The deep Web is the fastest growing sector of the Web and it appears to be the “paradigm for the next generation Internet” (2005, Deep-Web FAQ, para. 35). It therefore is of key interest to many IT professionals. In fact, proper use of the deep Web can drastically reduce research time on a given project and yield higher quality information.

At present, the Internet is functionally divided into two areas:

·     The surface Web contains 1% of the information content of the Web. Search engines crawl along the Web to extract and index text from HTML (HyperText Markup Language) documents on websites, then make this information searchable through keywords and directories.

·     The deep Web contains 99% of the information content of the Web. Most of this information is contained in databases and is not indexed by search engines - technical and business reasons are obstacles. This information is made searchable by keywords only through the query engine located on the specific website of each database.

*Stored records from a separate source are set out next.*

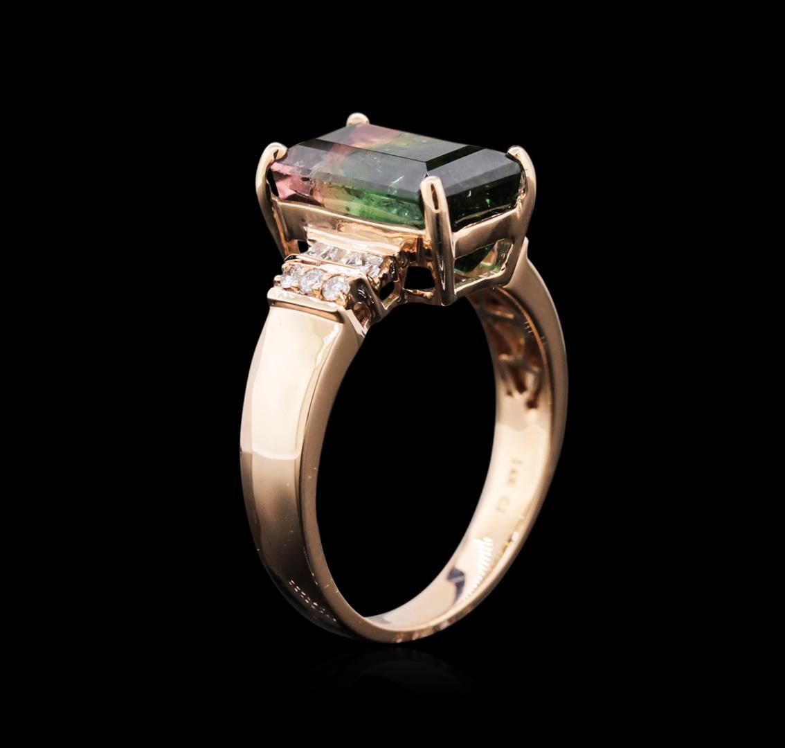 One ring featuring: 14KT rose gold weighing 4.12 grams containing one bi-color tourmaline center stone with a total weight of 4.49ct and six diamonds.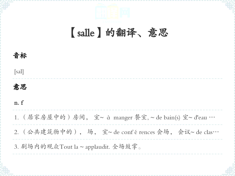 【salle】 联想、 近义词、 反义词、 同音、近音词 联想词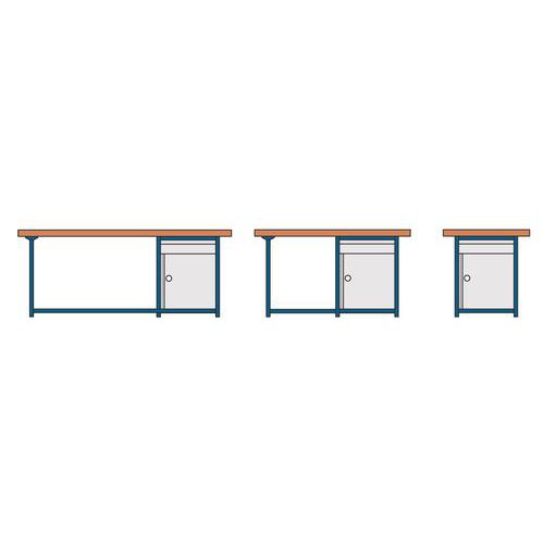 Robust workbench suitable for workshop use. With a solid plywood top. With a workbench cabinet featuring a lockable door and a drawer for safely storing your equipment.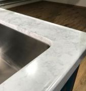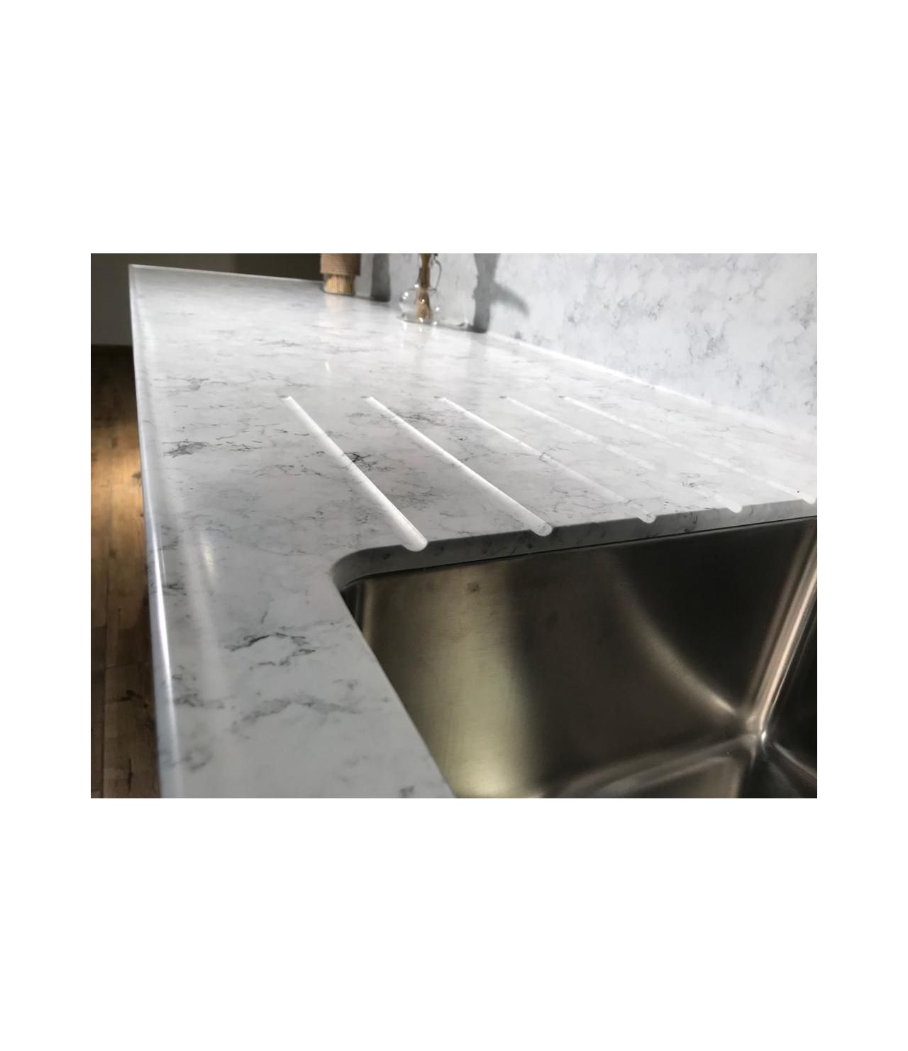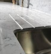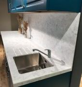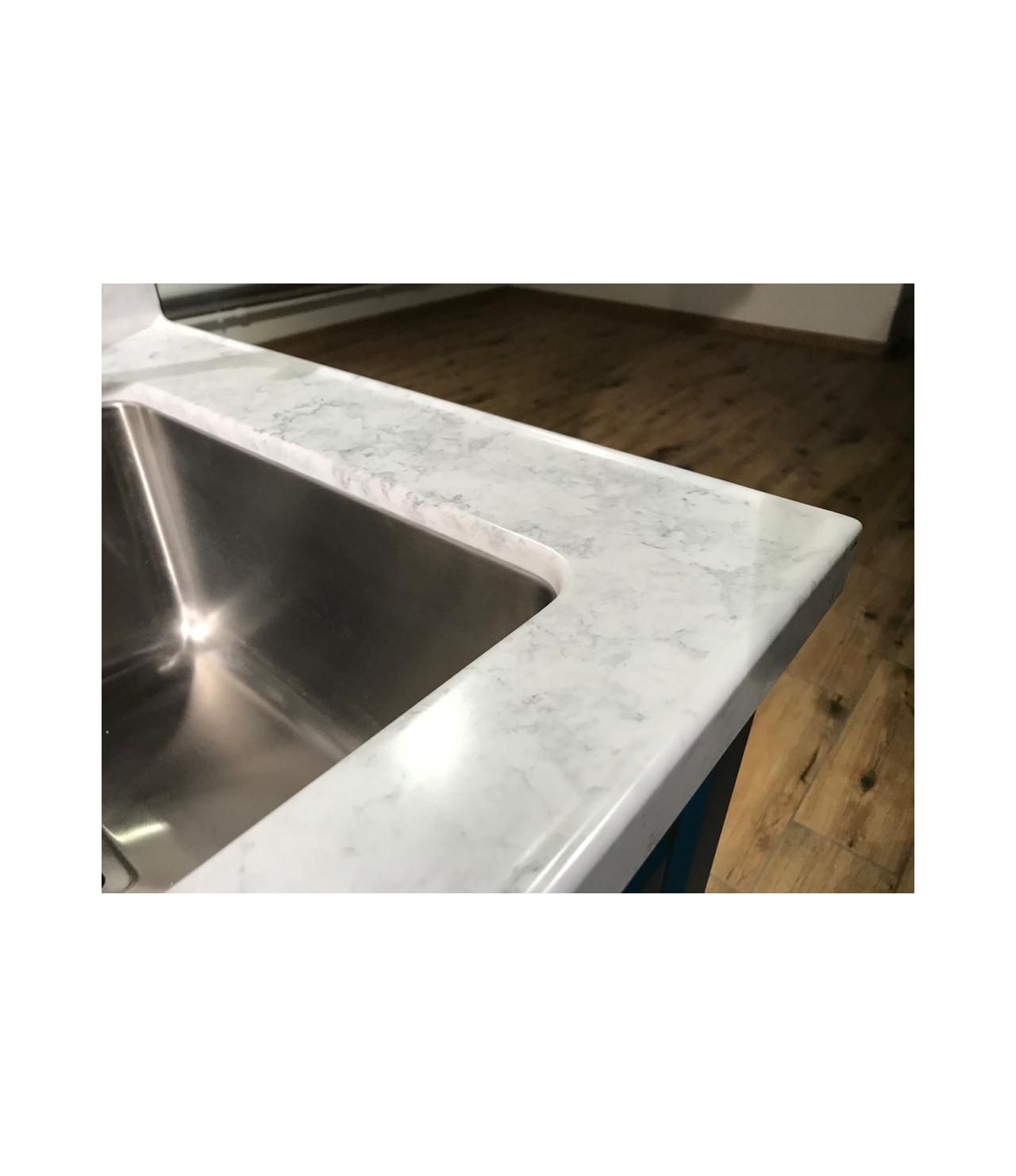 Столешница выполнена из искусственного камня NEOMARM , два выреза ( под мойку и варочную поверхность), металлическая мойка подстольного монтажа, проточки для стока воды. По переду столешницы кромка "непроливайка". Выполнен галтельный переход (плавный ) в стеновую панель.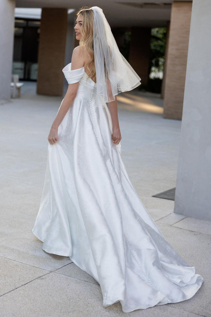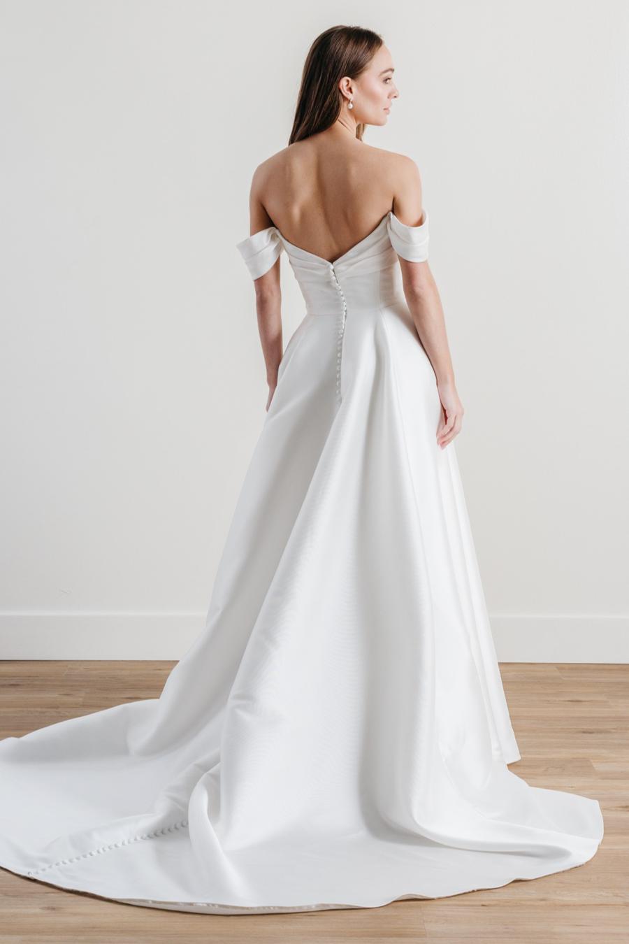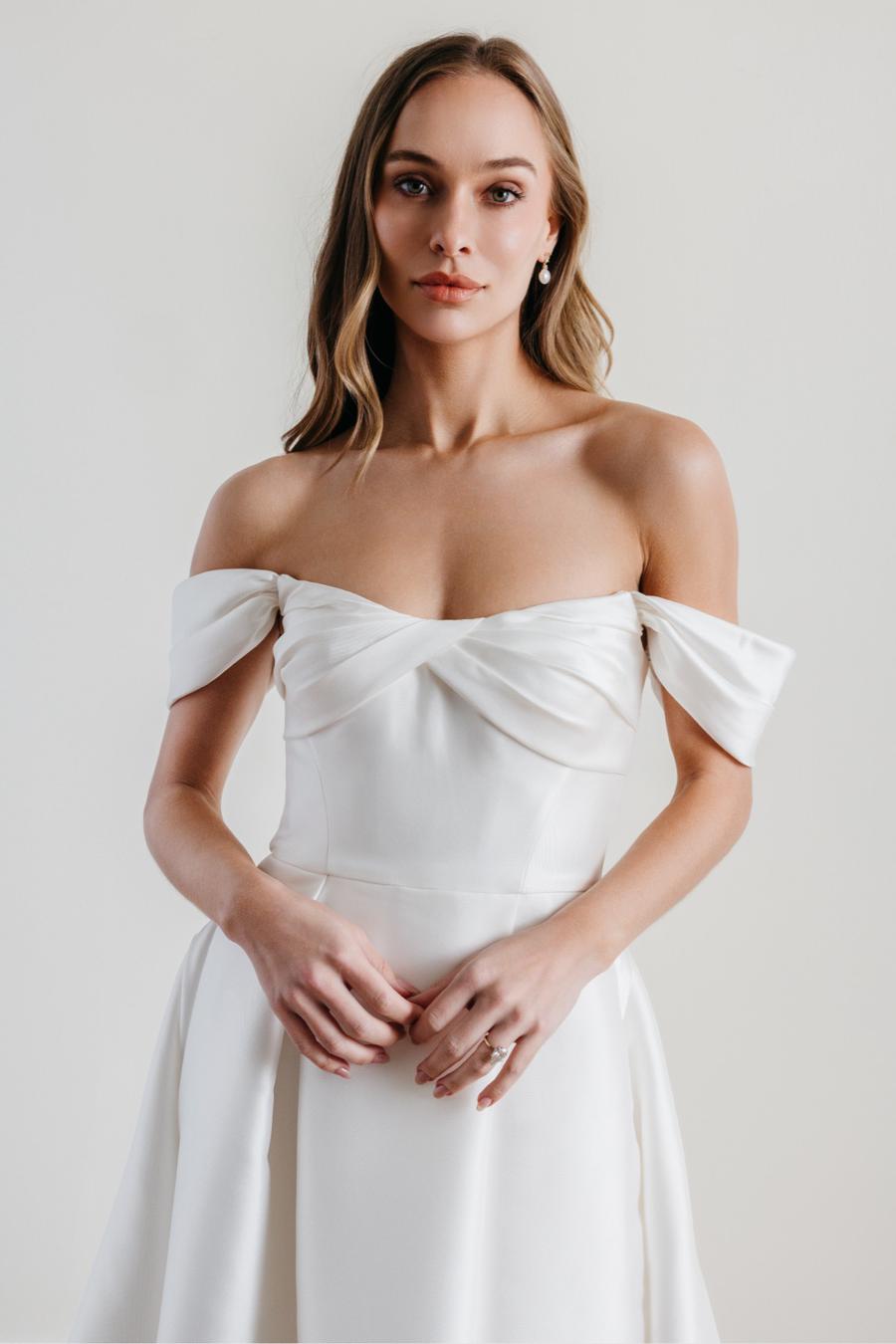 Off-the-shoulder and unforgettable, True brings the drama with its corset bodice and voluminous ball gown skirt. The slit adds a modern edge, while the Mikado and organza fabrics elevate this gown to a whole new level of opulence. For the bride who wants to make a statement, this is the dress that does just that.

As the Web evolves the deep Web will become more easily accessible; however, at present to access deep Web information, one needs to go directly to the website containing the database of interest and use the website’s query engine. To do this, you need to know the URL of the deep Web site. Considering there are over 200,000 deep Web sites (Bergman, M., 2001, p. 1. para. 5), it is a challenge to know which sites to use for a given research topic. This presentation is intended to be a guide to this vast ocean from an IT perspective, with emphasis on administration of Windows networks.